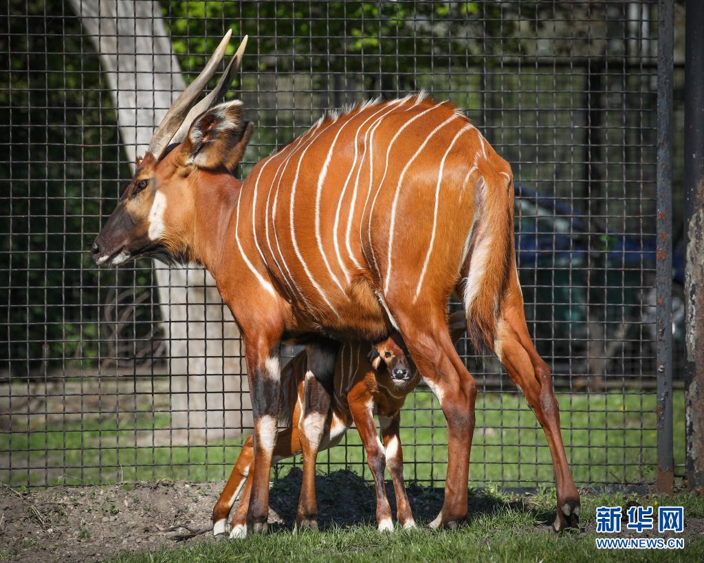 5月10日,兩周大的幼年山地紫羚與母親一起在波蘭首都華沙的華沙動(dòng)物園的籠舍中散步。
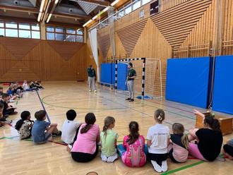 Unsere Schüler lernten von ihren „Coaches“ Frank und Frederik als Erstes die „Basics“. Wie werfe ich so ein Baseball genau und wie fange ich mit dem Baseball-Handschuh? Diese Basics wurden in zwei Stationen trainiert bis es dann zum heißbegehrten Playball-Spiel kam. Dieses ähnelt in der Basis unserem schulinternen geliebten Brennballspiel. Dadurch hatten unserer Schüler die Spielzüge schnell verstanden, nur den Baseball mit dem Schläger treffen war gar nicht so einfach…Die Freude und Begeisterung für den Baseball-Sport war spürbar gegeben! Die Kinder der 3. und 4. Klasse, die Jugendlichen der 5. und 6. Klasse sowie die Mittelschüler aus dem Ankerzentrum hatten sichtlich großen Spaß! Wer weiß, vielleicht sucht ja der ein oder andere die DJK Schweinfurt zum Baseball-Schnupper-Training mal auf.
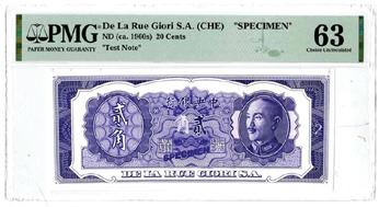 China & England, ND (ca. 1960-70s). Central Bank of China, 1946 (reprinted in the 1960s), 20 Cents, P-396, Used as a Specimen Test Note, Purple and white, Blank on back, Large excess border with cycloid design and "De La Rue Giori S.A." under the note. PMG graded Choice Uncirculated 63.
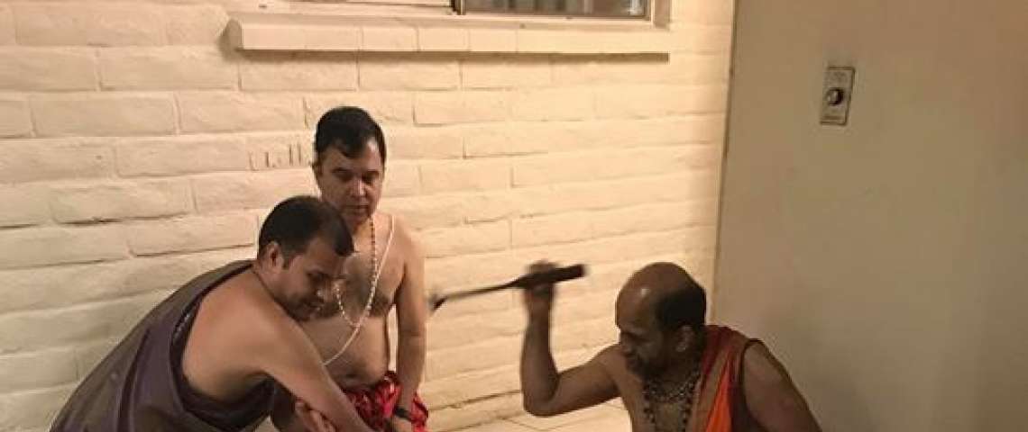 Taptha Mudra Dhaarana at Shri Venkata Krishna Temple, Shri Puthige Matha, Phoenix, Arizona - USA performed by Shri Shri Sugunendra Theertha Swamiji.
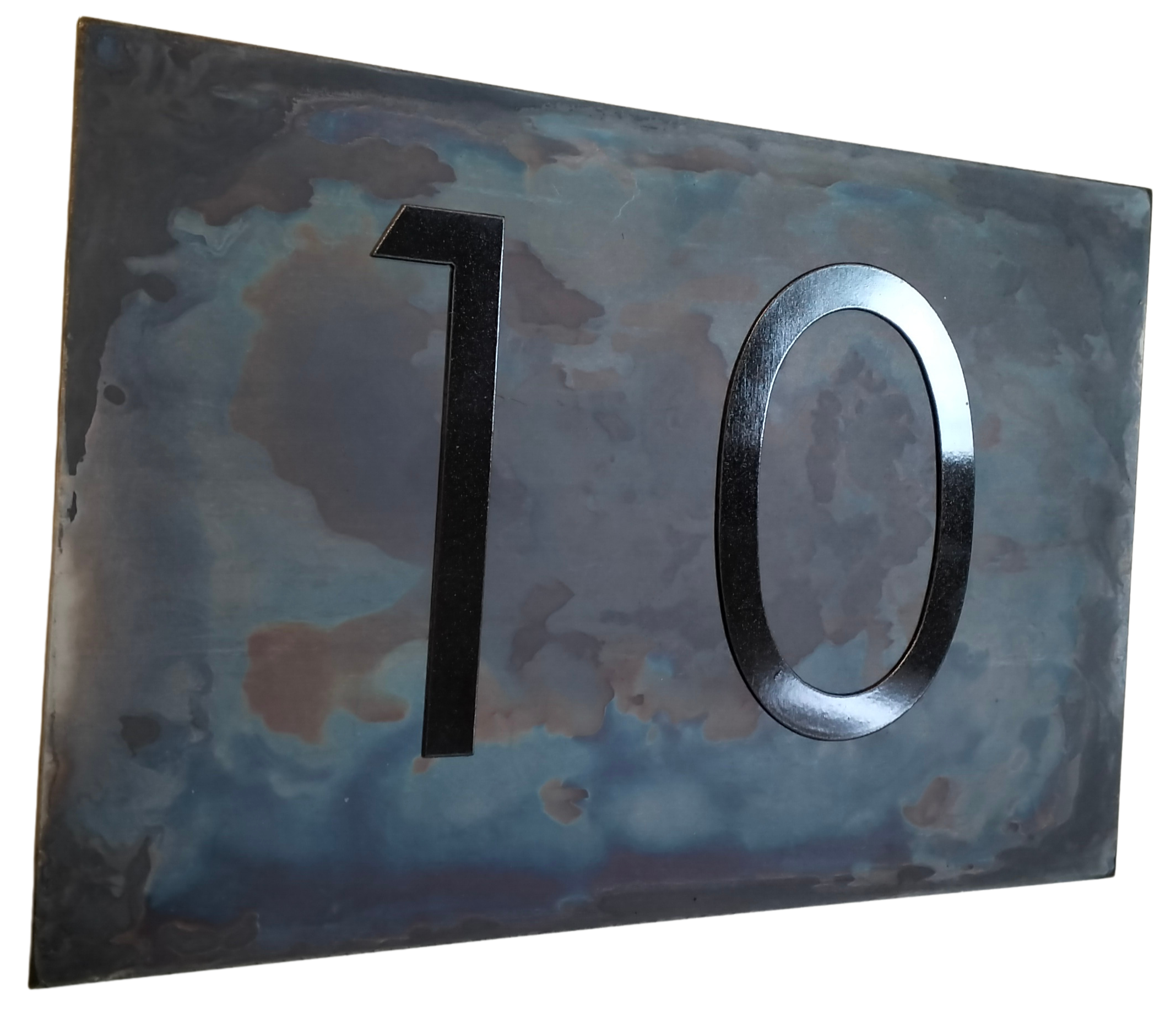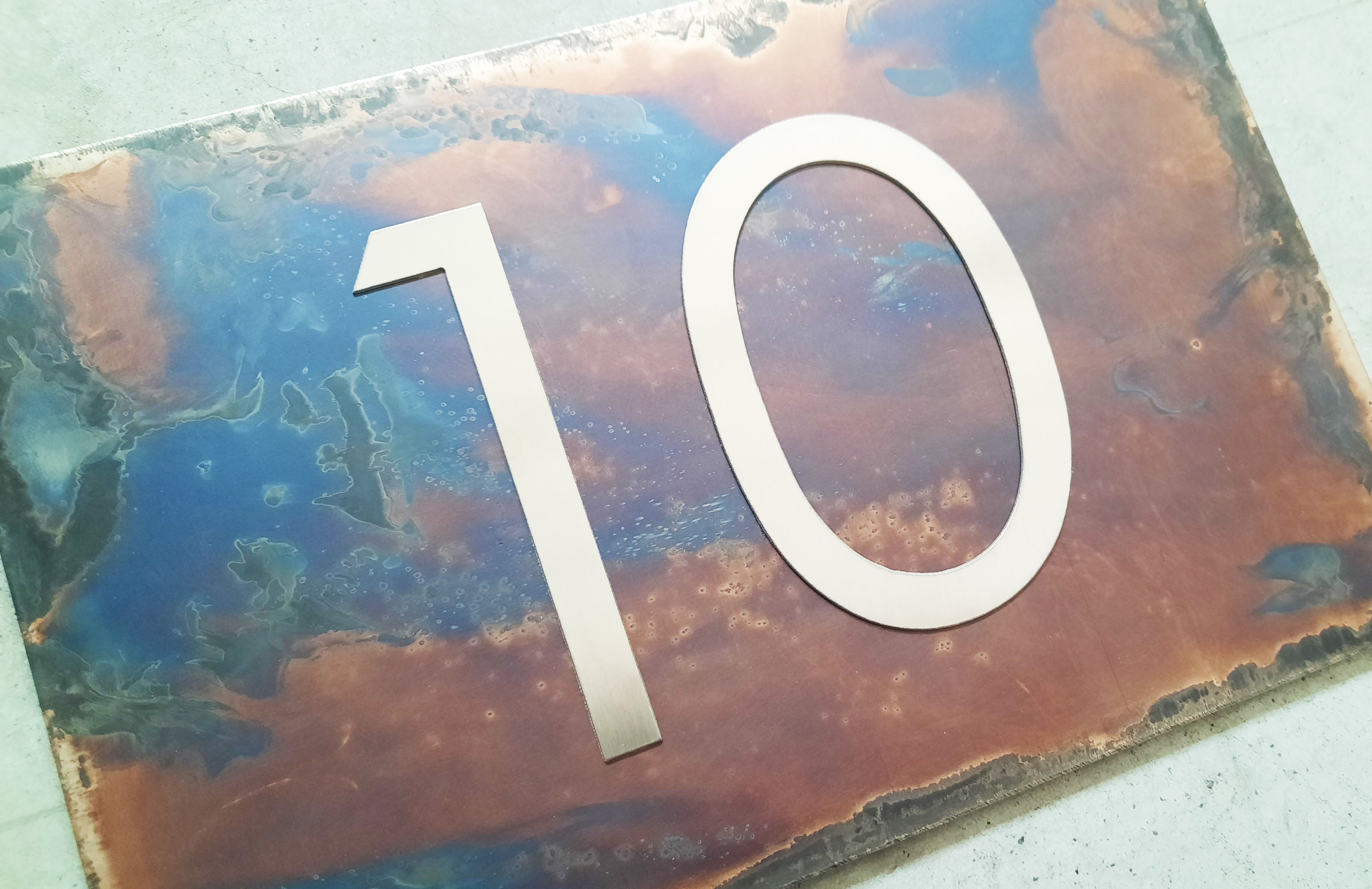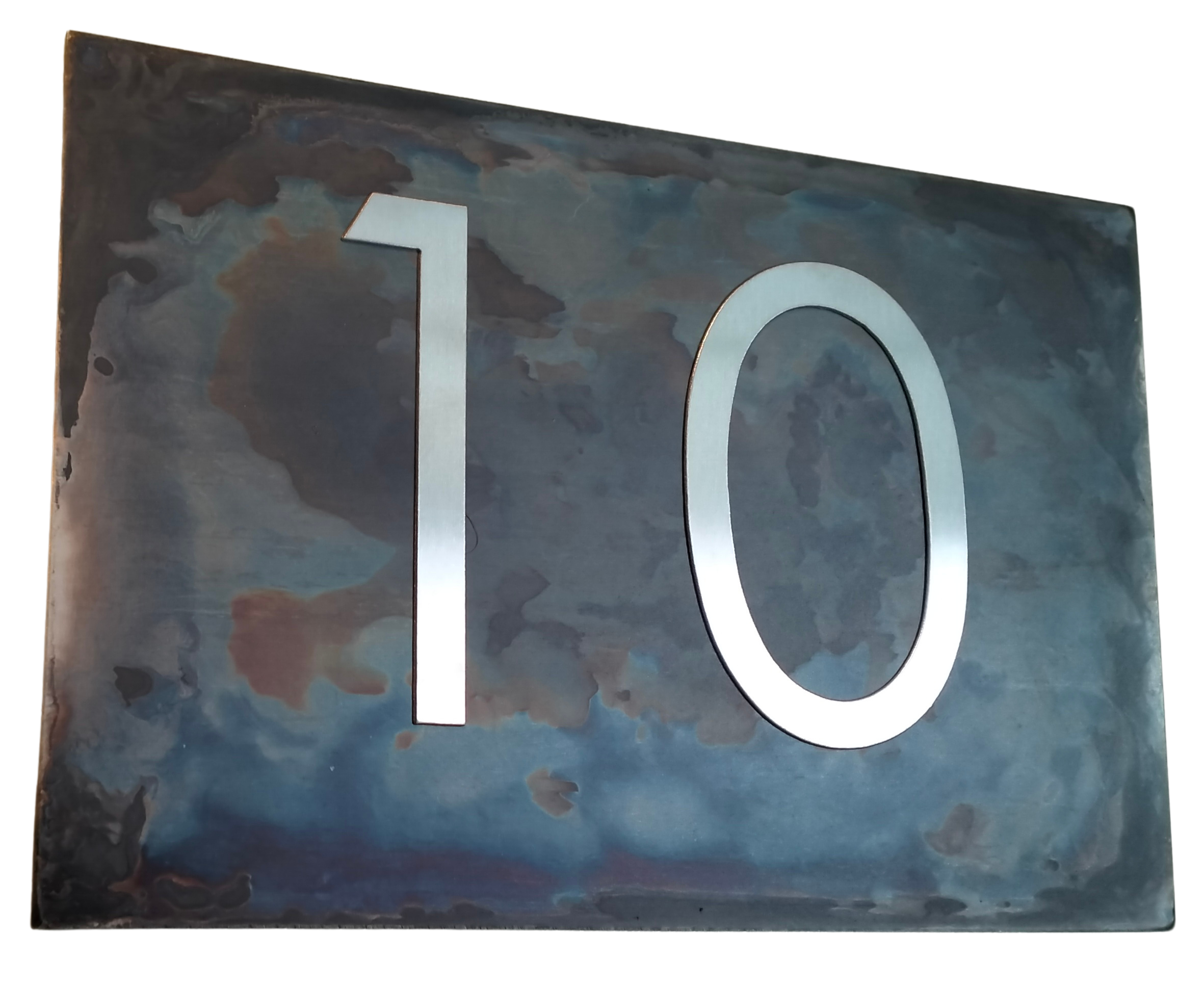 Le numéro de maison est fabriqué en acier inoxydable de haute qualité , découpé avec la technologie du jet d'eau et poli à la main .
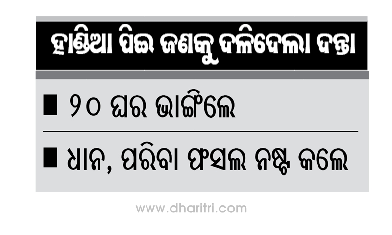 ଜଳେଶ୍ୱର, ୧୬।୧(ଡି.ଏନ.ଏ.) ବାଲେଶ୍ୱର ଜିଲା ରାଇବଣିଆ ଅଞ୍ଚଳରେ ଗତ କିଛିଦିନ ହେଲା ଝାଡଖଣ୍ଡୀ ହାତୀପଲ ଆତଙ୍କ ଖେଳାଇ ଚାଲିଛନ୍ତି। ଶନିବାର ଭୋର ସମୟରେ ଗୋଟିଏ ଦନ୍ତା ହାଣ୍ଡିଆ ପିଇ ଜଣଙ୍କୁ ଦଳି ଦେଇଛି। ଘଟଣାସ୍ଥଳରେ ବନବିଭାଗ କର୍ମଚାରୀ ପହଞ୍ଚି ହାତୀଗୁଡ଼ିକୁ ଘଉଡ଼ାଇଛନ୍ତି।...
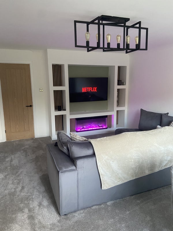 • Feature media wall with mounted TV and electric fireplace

● ● ●

→ **INSTRUCTIONS TO FOLLOW**
All that is needed is the span from the line with "ଜଳେଶ୍ୱର, ୧୬।୧(ଡି.ଏନ.ଏ.) ବାଲେଶ୍ୱର" through the last line of the material above, reproduced exactly and free of pictures.

→ **COMPLETED TASK**
 ଜଳେଶ୍ୱର, ୧୬।୧(ଡି.ଏନ.ଏ.) ବାଲେଶ୍ୱର ଜିଲା ରାଇବଣିଆ ଅଞ୍ଚଳରେ ଗତ କିଛିଦିନ ହେଲା ଝାଡଖଣ୍ଡୀ ହାତୀପଲ ଆତଙ୍କ ଖେଳାଇ ଚାଲିଛନ୍ତି। ଶନିବାର ଭୋର ସମୟରେ ଗୋଟିଏ ଦନ୍ତା ହାଣ୍ଡିଆ ପିଇ ଜଣଙ୍କୁ ଦଳି ଦେଇଛି। ଘଟଣାସ୍ଥଳରେ ବନବିଭାଗ କର୍ମଚାରୀ ପହଞ୍ଚି ହାତୀଗୁଡ଼ିକୁ ଘଉଡ଼ାଇଛନ୍ତି।...
 • Feature media wall with mounted TV and electric fireplace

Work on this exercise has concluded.